Today, almost all its 19th century tenements have gone and so have many of the 1960s tower blocks built to replace them. A new wave of housebuilding is underway, with the population of the area beginning to climb. Located a short walk from Glasgow city centre on the south bank of the Clyde, the Gorbals is undergoing another period of reinvention. From its origins as a small village centred on one street, the area grew rapidly from the early 19th century as thousands of migrants arrived from the Highlands of Scotland, Ireland and continental Europe to work in the city’s labour-intensive industries. While much of the resulting housing was of poor quality, parts of the old Gorbals were considered fashionable. ...In 1931, 85,000 people were living in the Gorbals - an area that covered only two per cent of the city. The post-war period would be the end of the old district. The Housing (Repairs and Rents) (Scotland) Act of 1954 required councils to undertake slum clearance and plans were drawn up to sweep away the crumbling housing

Nicholson Street and Apsley Place in November, 1962


Upon my arrival,  Glasgow Central Station  turned out to be an attractive Victorian Station well equipped for the traveller. Walking from the station to the hotel was remarkably enjoyable with no difficulty about securing directions when google maps seemed to give up. From there Garnethill and the Glasgow School of Art were only minutes away.

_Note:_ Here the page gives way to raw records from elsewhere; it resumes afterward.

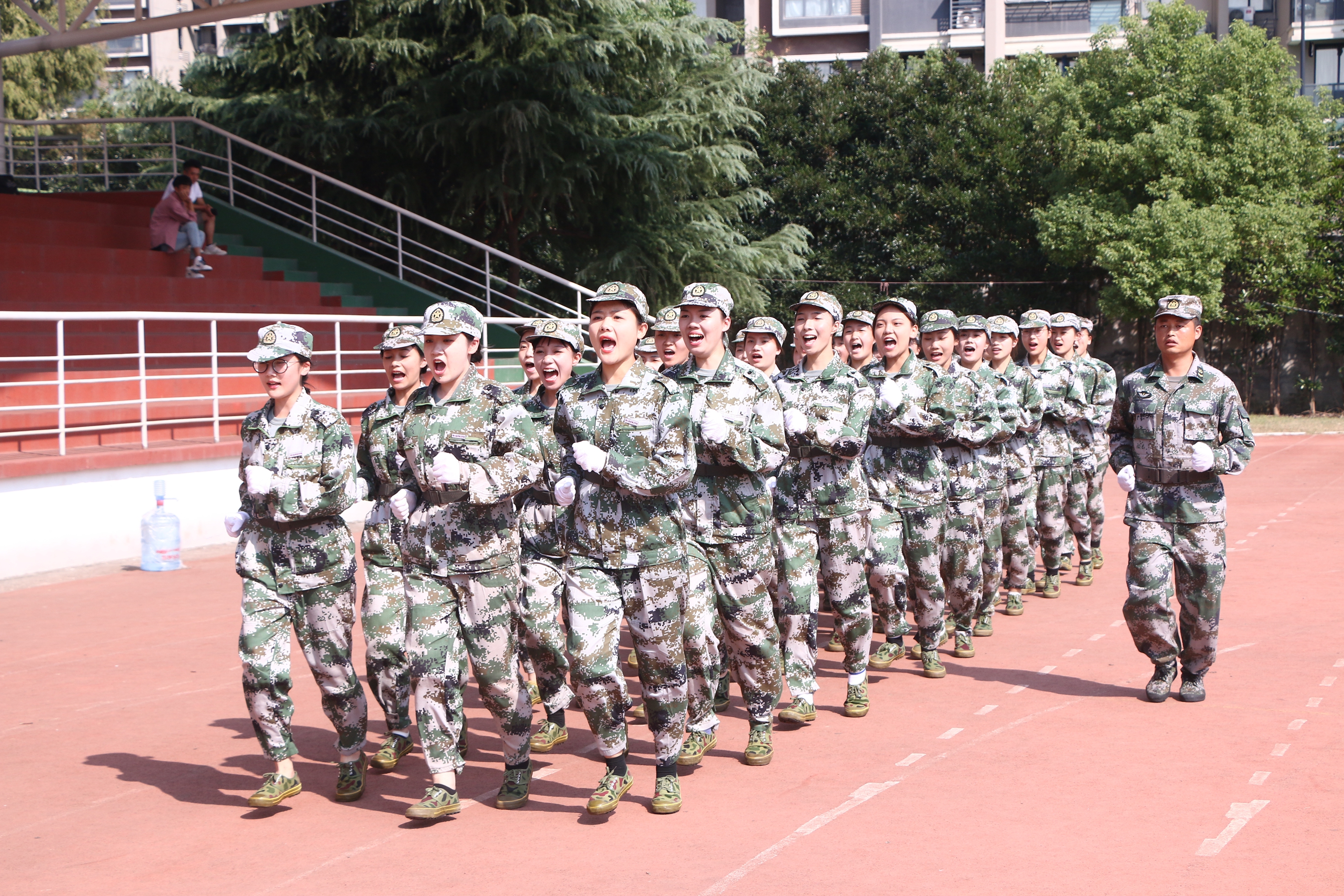 陈贝贝在接受采访时表示,教官做了很多努力,保证军训顺畅进行,同学们也从开始的纪律性较差,队列素质较弱,到最后完成了自我的飞跃。在队列会操中各个方阵也表现得非常优异,这十几天,每个同学都在坚持,都在努力。他讲到军训期间有几天下雨,有几个班的同学在彩排中比其他班的同学稍微落后一些,他们就主动要求还要在雨中进行训练,教官们也很感动。这份感动同样也深深植根到他心里。
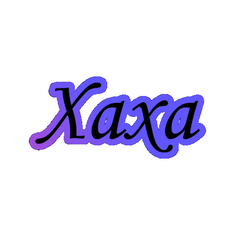 An animated sticker featuring the word 'Xaxa' in a vibrant purple and blue gradient, rotating playfully.
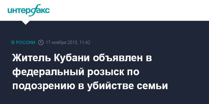 Житель Кубани объявлен в федеральный розыск по подозрению в убийстве семьи

I read "Pilgrim Soul" on the train up to Glasgow. That is a book by Gordon Ferris third in  a  series about private detective Douglas Brodie. 

The  book's plot concerned the Jewish community who lived around the area where the Glasgow School of Art is currently located. The issues concerned post WWII Nazis some of whom had fled to Glasgow and who the local Jewish community began to fear following  a series of burglaries. The prime star of the novel is Douglas Brodie who was recruited by the locals to assist in finding and stopping the thefts.

However the book good reading though it was, is a digression. Reverting to Glasgow, it is clear that much of the city has benefited from investment to bring it up to the standards of C21 yet without detracting from the  historic attractiveness of the streets and their architecture. 

I had expected poor people to be everywhere yet although as in any city, there were beggars, the number of those who appeared impoverished, seemed no greater than the numbers in cities elsewhere.